* **Prompt**:
Only one span of the listing below should come back. It runs from the line with "当初はデザインを優先して別の" through the line with "Mit dem Leitgedanken", and each of its lines must be reproduced exactly.

* **Records provided**:
▽

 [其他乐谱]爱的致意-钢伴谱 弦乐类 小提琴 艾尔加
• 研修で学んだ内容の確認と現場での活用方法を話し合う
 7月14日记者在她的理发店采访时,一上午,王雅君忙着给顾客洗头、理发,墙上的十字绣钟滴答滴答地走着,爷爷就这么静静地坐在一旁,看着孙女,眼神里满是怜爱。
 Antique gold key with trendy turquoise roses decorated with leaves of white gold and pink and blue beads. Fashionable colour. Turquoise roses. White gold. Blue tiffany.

△
▽

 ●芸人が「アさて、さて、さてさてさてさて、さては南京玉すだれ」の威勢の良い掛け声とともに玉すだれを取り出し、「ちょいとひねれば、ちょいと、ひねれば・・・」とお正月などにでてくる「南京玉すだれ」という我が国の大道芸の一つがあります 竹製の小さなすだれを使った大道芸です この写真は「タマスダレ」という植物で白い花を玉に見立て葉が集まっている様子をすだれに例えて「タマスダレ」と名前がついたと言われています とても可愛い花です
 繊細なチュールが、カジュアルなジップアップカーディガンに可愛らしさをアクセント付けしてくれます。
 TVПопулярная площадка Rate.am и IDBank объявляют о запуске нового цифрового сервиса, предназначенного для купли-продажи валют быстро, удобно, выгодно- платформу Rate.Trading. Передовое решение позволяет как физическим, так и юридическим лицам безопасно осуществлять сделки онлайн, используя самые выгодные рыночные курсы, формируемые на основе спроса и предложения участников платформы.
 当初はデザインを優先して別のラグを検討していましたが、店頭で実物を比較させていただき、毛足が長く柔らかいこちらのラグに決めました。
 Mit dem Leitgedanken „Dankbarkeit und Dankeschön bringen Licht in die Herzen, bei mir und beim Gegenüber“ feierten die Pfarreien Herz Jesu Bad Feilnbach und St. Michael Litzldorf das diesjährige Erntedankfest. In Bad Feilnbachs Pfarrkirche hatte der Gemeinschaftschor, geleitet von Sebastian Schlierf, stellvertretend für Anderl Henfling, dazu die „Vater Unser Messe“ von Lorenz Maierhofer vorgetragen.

△

* **Output of the exercise**:
 当初はデザインを優先して別のラグを検討していましたが、店頭で実物を比較させていただき、毛足が長く柔らかいこちらのラグに決めました。
 Mit dem Leitgedanken „Dankbarkeit und Dankeschön bringen Licht in die Herzen, bei mir und beim Gegenüber“ feierten die Pfarreien Herz Jesu Bad Feilnbach und St. Michael Litzldorf das diesjährige Erntedankfest. In Bad Feilnbachs Pfarrkirche hatte der Gemeinschaftschor, geleitet von Sebastian Schlierf, stellvertretend für Anderl Henfling, dazu die „Vater Unser Messe“ von Lorenz Maierhofer vorgetragen.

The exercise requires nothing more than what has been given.